Molly Marjorie Rosenblatt Needs A Man (And Other Stuff)
nytheatre.com review by Megin Jimenez
August 11, 2013
A scene from Molly Marjorie Rosenblatt Needs A Man
While you might have a sense of what you’re in for when you sign up to see a one-woman musical about a lonely aspiring actress, you may still experience a moment of adjustment as you confirm that indeed, a single performer is taking the stage and belting out a narrative about internet dating. Musical theatre by definition is larger than life, but Molly Marjorie Rosenblatt Needs a Man (And Other Stuff) scales it all back; at times, there’s a singing-into-the-hairbrush vibe, although Mallory Schlossberg, the one-woman in the title role, keeps the pace moving along with unflagging energy, while the steady accompaniment of Joel Esher on the piano offers a little company on the stage.
Anyone unfamiliar with the pecking order of cool in the outer boroughs of New York City gets a crash course from Molly, who has hit rock bottom, finding herself unemployed, broke and single, her dreams of making it on Broadway dashed.
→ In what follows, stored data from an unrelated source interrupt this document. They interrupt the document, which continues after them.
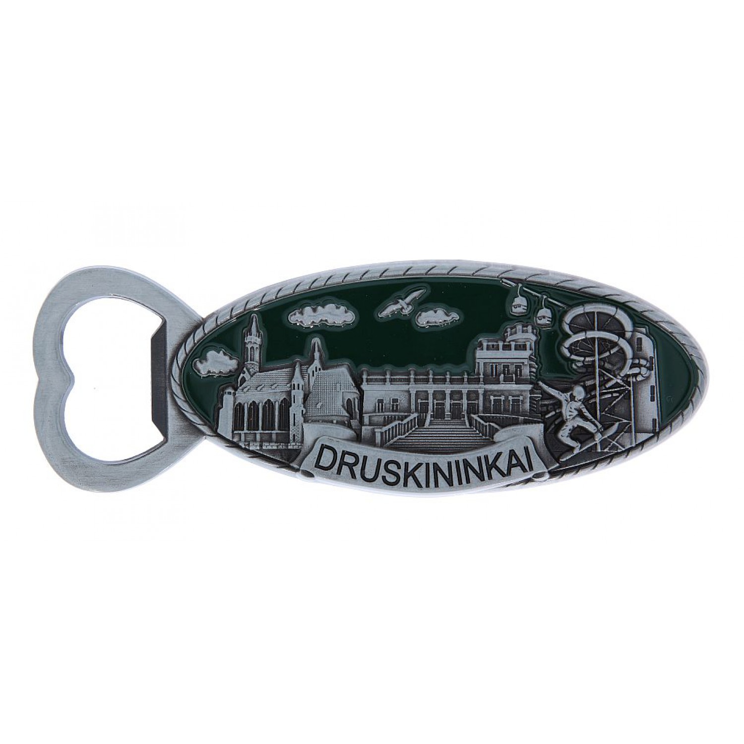 Metalinis, ovalo formos, suvenyrinis magnetas atidarytuvas, su tamsiai žalios spalvos fonu ir Druskininkų lankytinų vietų vaizdu. Patvarus, praktiškas ir puikiai tinkantis prekybai.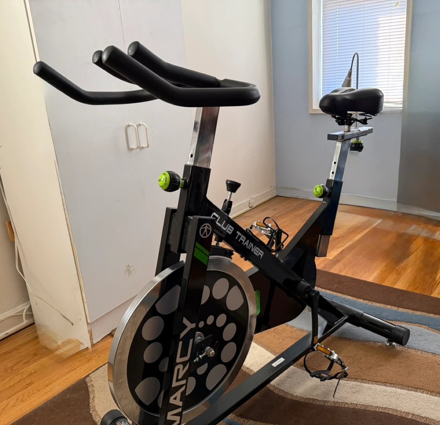 This Marcy Club Trainer spin bike is perfect for home workouts. It features adjustable resistance and upgraded pedals (which I added myself). The bike has a comfortable, adjustable seat and is very sturdy. Amazon is currently selling this same bike new for $439. I purchased this bike in late 2024 and have only used it a few times.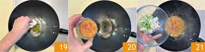 Passez à la cuisson : huilez un wok avec l'huile de graines en vous aidant de papier absorbant 19, allumez le feu et versez la sauce à l'ail et au piment 20. Faites revenir une minute à feu vif, puis ajoutez la partie blanche de l'oignon nouveau 21.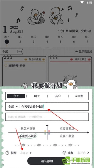 在这里写入要办的事件和备注,还可以设定具体时间。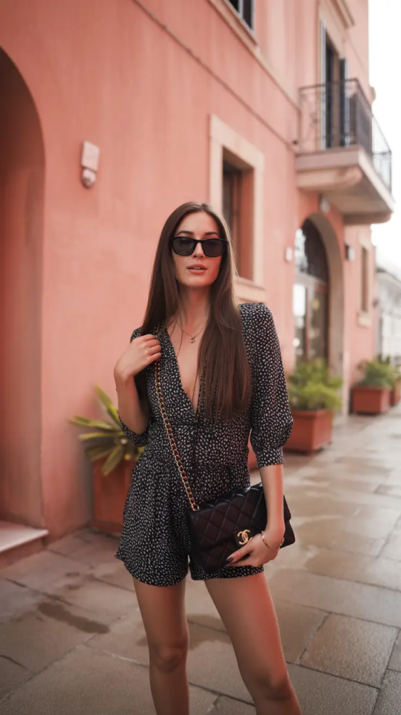 A light romper is a great option for warm early-spring destinations. Its relaxed fit and playful design make it comfortable for daytime exploring.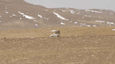 羌塘國家級(jí)自然保護(hù)區(qū)核心區(qū)中的野狼和已經(jīng)死去的母羊。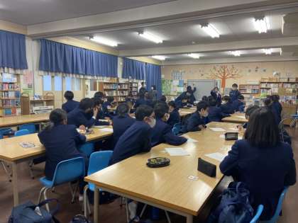 生徒達から吸い上げられた中から、来年度の生徒会スローガンと鶴文字決めです。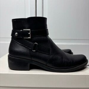 ANNE KLEIN Iflex Lynzee Black Leather Ankle Boots Size 6.5

She seeks escape from her dumpy Queens basement apartment and desperate existence in the beds of many hip Brooklyn boys, who are identified only by their OKCupid handles (WburgTaco10 is the main boy). Schlossberg, who also wrote the book, dissects the allure of gentrified Brooklyn in her lyrics. Molly is honest about the borough's appeal, which for her is more material than spiritual: she lusts more over the juicers, fine whiskey, superior “coolness ratio” and well-appointed lofts she samples more than any creative endeavor her lovers allege.
Doing it all—writing, composing, singing, acting and dancing—is a tall order for any creative soul, and Sclossberg succeeds at a couple of these feats more than others. The lyrics are witty and pack a lot into their rhymes. Hyper-local details clearly support the characterizations and scenarios. The movement is at times half-hearted and has not been cleared of the fidgety quality of rehearsal. The hour-long running time is just about right and fitting for the ultimately light-hearted tone of the show.